Tom Hanks stars as children's TV icon Fred Rogers in "A Beautiful Day in the Neighborhood." (Credit: Sony Pictures Entertainment)

PLOT A cynical journalist is assigned to write about children's television host Fred Rogers.

CAST Tom Hanks, Matthew Rhys, Chris Cooper

RATED PG (adult themes, brief violence)

LENGTH 1:48

BOTTOM LINE Marielle Heller's film brims with affection for Mister Rogers, but doesn't bring us any closer to the real person behind the camera.

A pair of bushy eyebrows, a side part and a red cardigan is all it takes to transform Tom Hanks into Fred Rogers, the legendary children's television host at the center of "A Beautiful Day in the Neighborhood." In a way, Hanks has been playing the avuncular Mister Rogers in one form or another his whole career, the same way Clint Eastwood is always a cowboy and Morgan Freeman is always some version of The Lord. Has there ever been a case of more perfect casting? 

If only Marielle Heller's fictionalized biopic were less concerned with the beloved, besweatered Rogers of television — the singing, puppet-handling, impossibly slow-talking host of "Mister Rogers' Neighborhood" for roughly 30 years — and more focused on the man who existed off camera. "A Beautiful Day in the Neighborhood" might have given us a revealing or at least nuanced portrait of a person who drew from his own life experiences to connect with generations of young viewers. Instead, the movie introduces a fictional journalist, Lloyd Vogel, whose fictional problems will be fixed by Rogers' wisdom. As a result, "A Beautiful Day in the Neighborhood" merely shores up our idea of Rogers as a modern-day saint — not exactly the most novel angle. 

Lloyd, played by Matthew Rhys, is a version of Tom Junod, whose 1998 profile of Rogers for Esquire magazine inspired this movie. (The screenplay is by Micah Fitzerman-Blue and Noah Harpster.) Lloyd is a hard-bitten New York media elitist who reluctantly accepts an assignment to interview a man synonymous with syrupy sincerity. ("Please don't ruin my childhood," says Lloyd's wife, played by Susan Kelechi Watson). Soon, Rogers is doing the interviewing and pressing Lloyd's sorest spot — a violent anger connected to his absentee father, Jerry (Chris Cooper). Examining the writer's freshly busted nose, the result of a fistfight, Rogers asks with great meaning, "What happened to you, Lloyd?"

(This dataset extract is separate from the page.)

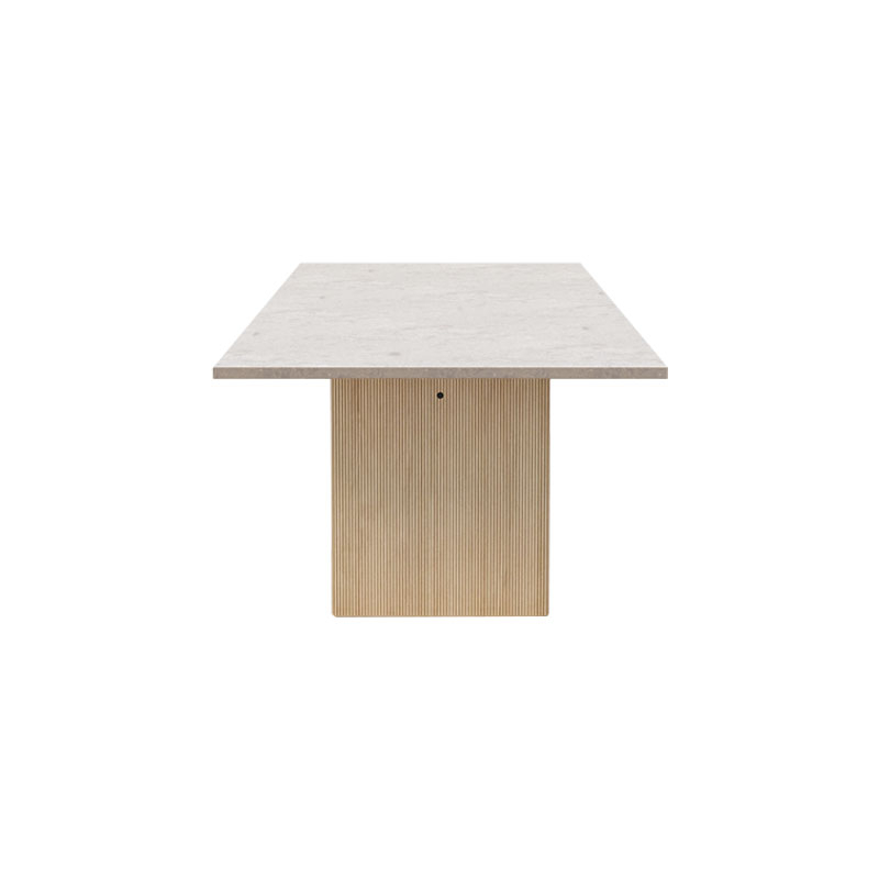 La table Cabin Square de Vipp allie élégance et matériaux naturels dans un design épuré. Pensée pour accueillir huit convives, elle est disponible avec un plateau en marbre Pietra Grey ou en calcaire Jura Grau Blau, deux pierres uniques aux veines et fossiles naturels qui témoignent de millions d’années de formation géologique. Le marbre Pietra Grey offre un fond gris profond parcouru de veines blanches et noires contrastées, tandis que le calcaire Jura Grau Blau se distingue par ses nuances grisées et dorées, enrichies de détails rustiques comme des veines de verre. Le plateau de la table Cabin Square de Vipp repose sur une base en chêne massif, avec des pieds parallèles sculptés de rainures verticales, disponibles en finition claire ou foncée. Conçue pour durer, cette table est protégée par des traitements soignés qui préservent la pierre et le bois. Polyvalente et intemporelle, elle apporte caractère et sophistication aux salles à manger contemporaines.

"A Beautiful Day in the Neighborhood" is a mix of genuinely moving moments and slightly winking artifice. The scenes involving Lloyd and his father can be affecting, but these characters are fictions; why are we learning about them instead of about Rogers?

Meanwhile, Heller's decision to frame the whole movie as an episode of Rogers' show, with miniature cityscapes in place of establishing shots and several moments of fourth wall-breaking, only reminds us that this story isn't real. Though there's proof that Rogers had an uncanny gift for speaking the right words at the right time (see Morgan Neville's documentary from last year, "Won't You Be My Neighbor?"), it begins to feel contrived here. 

“What’s it like being married to a saint?” Lloyd asks Joanne Rogers (Maryann Plunkett). She doesn’t like the word — it overlooks the flaws and failings that made her husband such a remarkable person. In other words, it’s an outsider’s view. And despite this movie’s good intentions, that’s the view we get.